▼

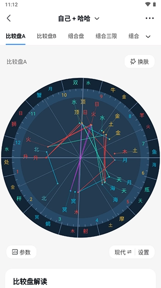4、此时便可开展合盘操作,完成合盘后,就能查看自己与对方的星座参数解读等相关内容。
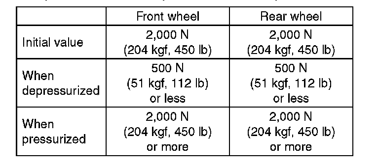 7) Read values indicated on the brake tester and check if the fluctuation of the values between decompression and compression meets specification.
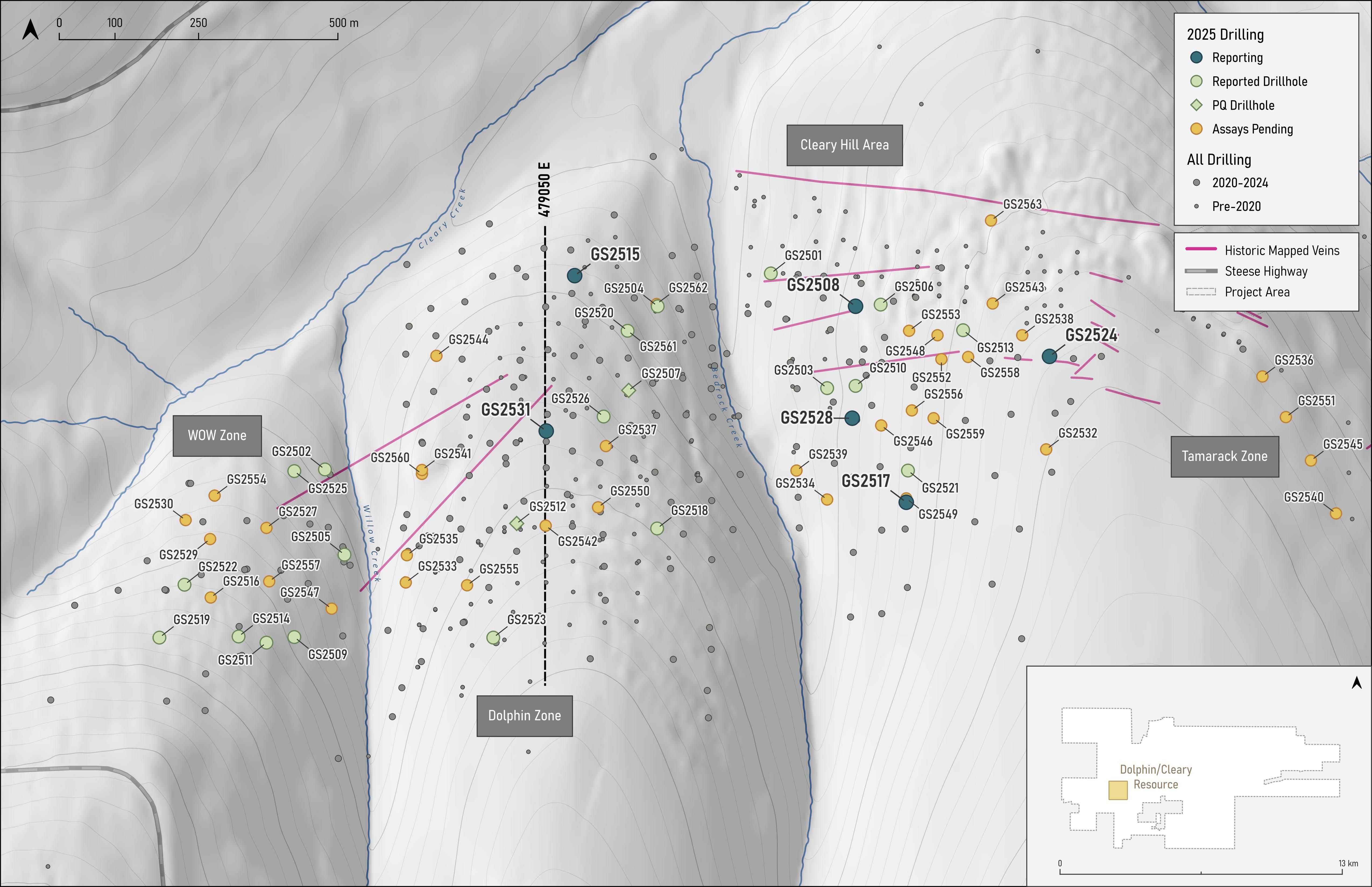 Recent drilling in the Dolphin zone confirms strong, continuous mineralization, with broad intercepts of higher grades. The near-surface intercept in GS2531 indicates promising potential for higher grades, supporting the concept of a potential higher-grade starter area.
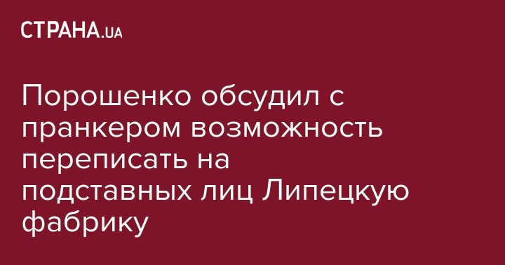 Порошенко обсудил с пранкером возможность переписать на подставных лиц Липецкую фабрику
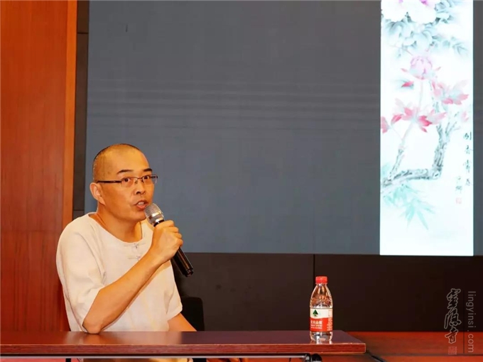 ▲卢家华老师作"禅宗书画欣赏"讲座
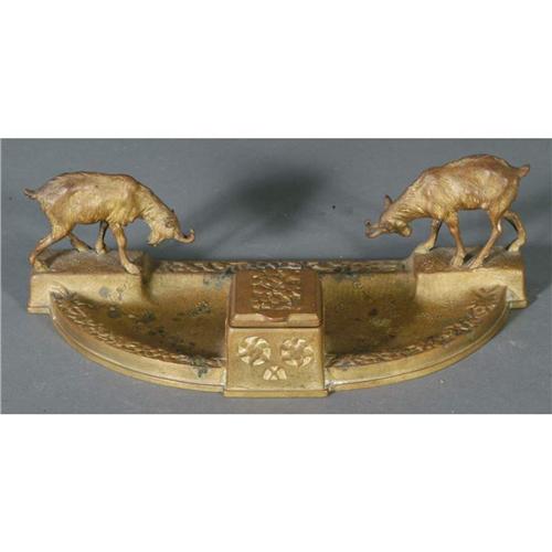 1 AUSTRIAN GILT BRONZE STANDISH with stags, 1
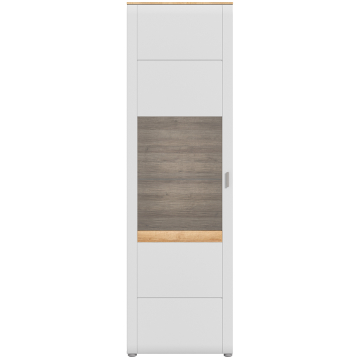 Elegáns, karcsú kialakítás minimalista vonalakkal és sima, visszafogott felülettel, modern esztétikával. Átlátszó üvegajtók a tálalóedények vagy dekorációs tárgyak elegáns bemutatásához, valamint zárt rekeszek extra tárolóhellyel a rendezett elpakoláshoz. Tökéletes nappalikba és étkezőkbe, mint stílusos bútor edények, poharak és dísztárgyak tárolására és kiállítására.
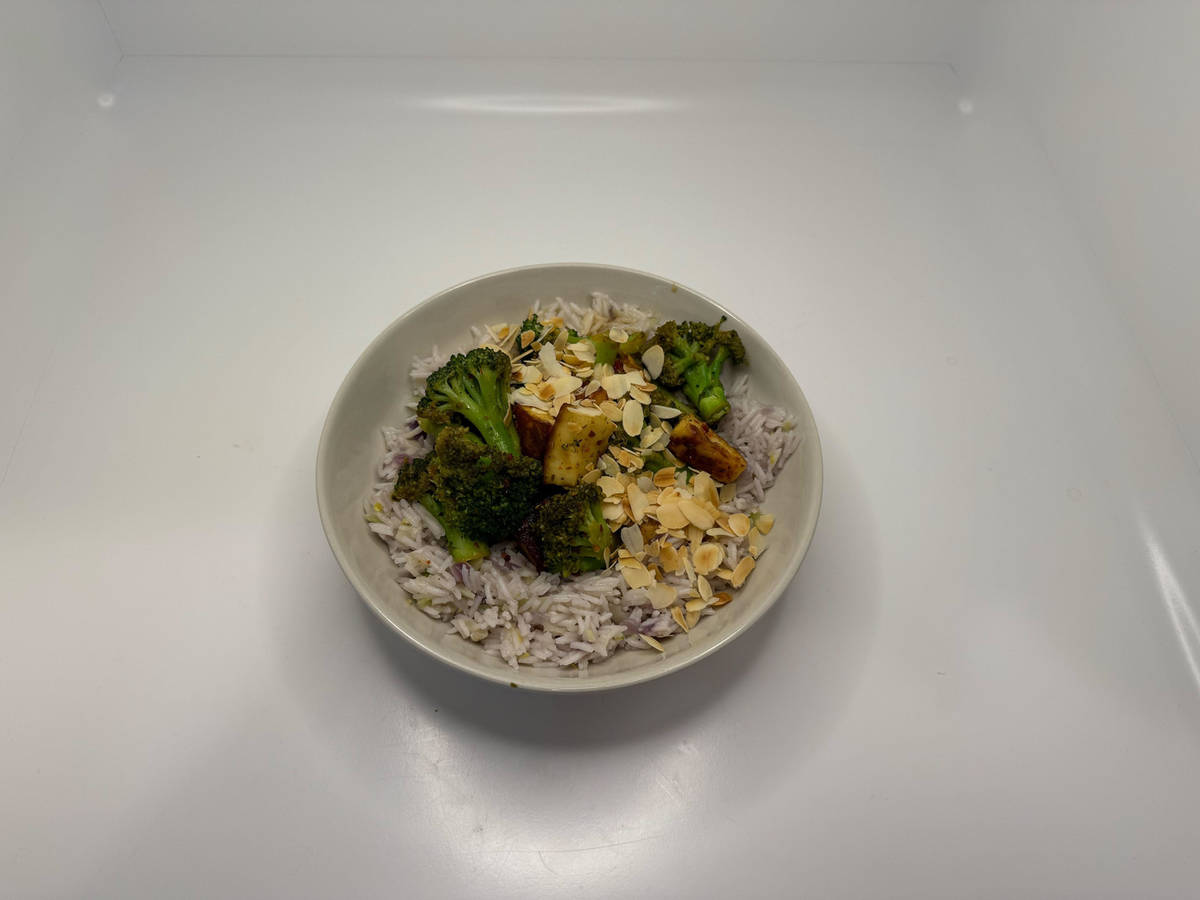 Reis auf tiefe Teller verteilen. Brokkoli-Halloumi-Pfanne darauf anrichten, mit Joghurt und Mandeln toppen und mit restlichen Zitronenvierteln genießen.
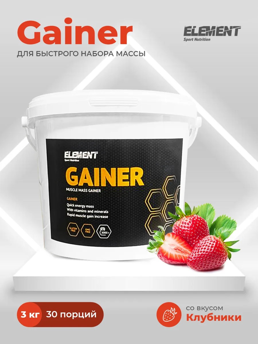 Элемент Спорт Гейнер для набора массы Клубника, 3 кг

▲

Every picture stays out; reproduce exactly the lines from the one with "Порошенко обсудил с" through the last line of the data above.

 Порошенко обсудил с пранкером возможность переписать на подставных лиц Липецкую фабрику
 ▲卢家华老师作"禅宗书画欣赏"讲座
 1 AUSTRIAN GILT BRONZE STANDISH with stags, 1
 Elegáns, karcsú kialakítás minimalista vonalakkal és sima, visszafogott felülettel, modern esztétikával. Átlátszó üvegajtók a tálalóedények vagy dekorációs tárgyak elegáns bemutatásához, valamint zárt rekeszek extra tárolóhellyel a rendezett elpakoláshoz. Tökéletes nappalikba és étkezőkbe, mint stílusos bútor edények, poharak és dísztárgyak tárolására és kiállítására.
 Reis auf tiefe Teller verteilen. Brokkoli-Halloumi-Pfanne darauf anrichten, mit Joghurt und Mandeln toppen und mit restlichen Zitronenvierteln genießen.
 Элемент Спорт Гейнер для набора массы Клубника, 3 кг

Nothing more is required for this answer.